Practice-led researchers are formulating a third species of research, one that stands in alignment with, but separate to, the established quantitative and qualitative research traditions. – p. 22

‘the research methods of the hard sciences are closer to those of research in the arts than the methods and models of the humanities’. – p. 40

The difference, perhaps, is that the mathematical problem also has an answer while an arts practice is not analytic in this way. – p. 63

(all from Practice as Research in the Arts by Robin Nelson 2013)

I would propose that the last quotation contradicts the previous two. In the third, Nelson writes that an arts practice is not analytical and cannot have an answer. Why can’t an arts practice be analytical in the same/similar way?
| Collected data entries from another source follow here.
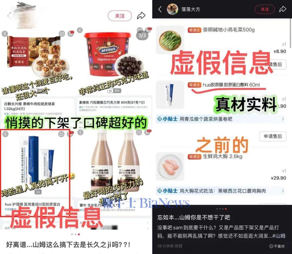 深入观察就能发现,这些在抖音、小红书等平台发布信息的账号,大多带着明显的“带节奏带货”痕迹:有些账号一边质疑山姆的选品水准下滑,另一边顺势推荐所谓的根本未在山姆销售的“被下架好货”;有些账号抨击山姆选品大众化,通过对比山姆商品与自有带货产品,制造“山姆不如平替”的认知误区。
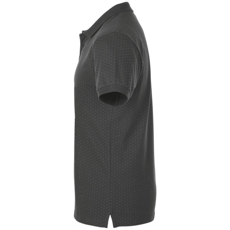 Кроеная (с боковыми швами) рубашка поло с печатным рисунком. Воротник с укрепляющей тесьмой и манжеты в рубчик, планка с 3 пуговицами тон в тон, боковые разрезы снизу.
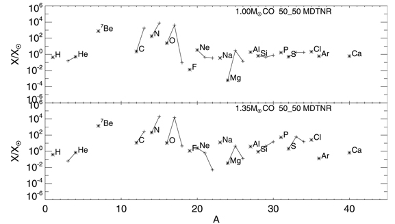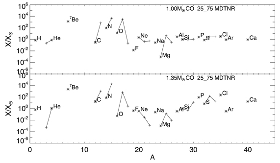 The team modelled WDs of different masses, and they changed the ratio of WD material to stellar companion material. And this is where the Li and Beryllium (Be) comes in.
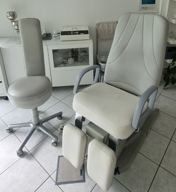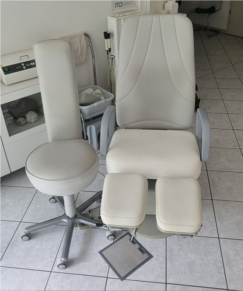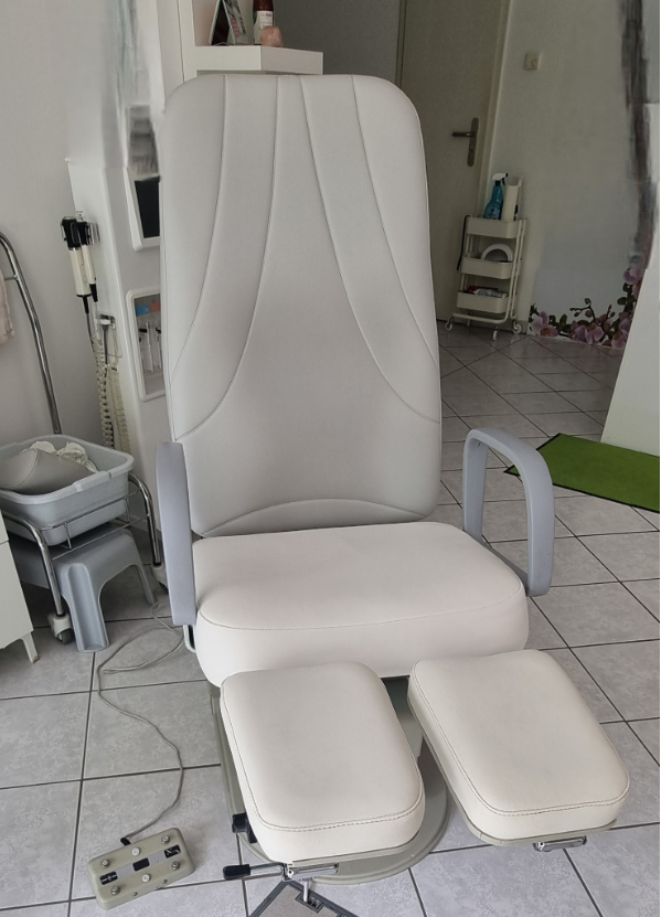 In Höhe und Neigung elektrisch verstellbarer Fußpflegestuhl von der Firma Gerlach inklusiv passenden Arbeitsstuhl. Bein- u. Fußablage manuell verstellbar. Wegen Geschäftsaufgabe für 450€ Festpreis ab dem 27.09. abholbar.
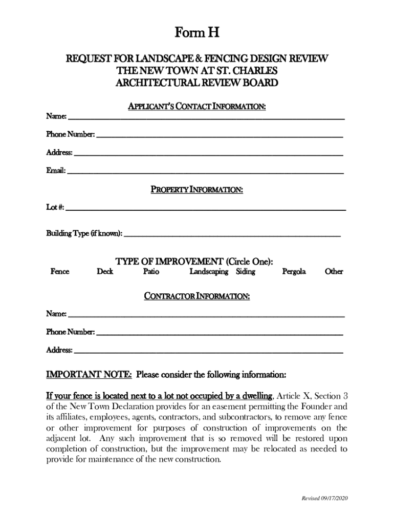 Form H REQUEST FOR LANDSCAPE & FENCING DESIGN REVIEW THE NEW TOWN AT ST. CHARLES ARCHITECTURAL REVIEW BOARD APPLICANTS CONTACT INFORMATION: Name: Phone Number: Address: Email: PROPERTY INFORMATION:
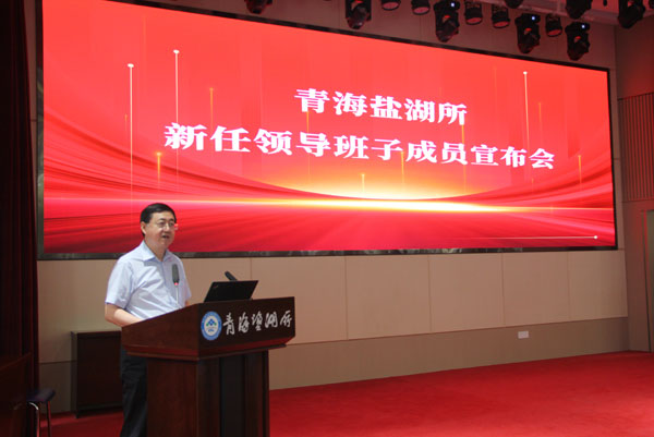 7月5日,中國科學(xué)院人事局副局長蔡宏志帶隊宣布中國科學(xué)院青海鹽湖研究所新一屆領(lǐng)導(dǎo)班子任命。青海鹽湖所新老領(lǐng)導(dǎo)班子成員、黨委委員、紀(jì)委委員、中層正職、黨支部書記及正高級科研人員等40余人參加了宣布會議。蘭州分院副院長、分黨組成員趙培慶出席并主持會議。

PaR’ers are, after all, creating a third species of research, and the arts are closer to the hard sciences than the humanities.

This third species that Nelson writes about quoting Brad Haseman, if the arts are closer to the hard sciences, could then be an analytical artistic practice.

An Unfair Exchange

“I would suggest that this generates an unfair exchange in that scholars seem to think they can dip into the arts, but are very nervous when artists move into scholarship.”

– Shannon Rose Riley, page 121 in Practice as Research in the Arts by Nelson

The Practice of Discipline

“This new provision meant a lot to endangered arts departments, departing from the usually held opinion that they did not belong in the academy because they were applied disciplines…” Nelson, p. 119

 

Could the argument be made that the hard sciences are applied disciplines? And if so, why are they in the academy?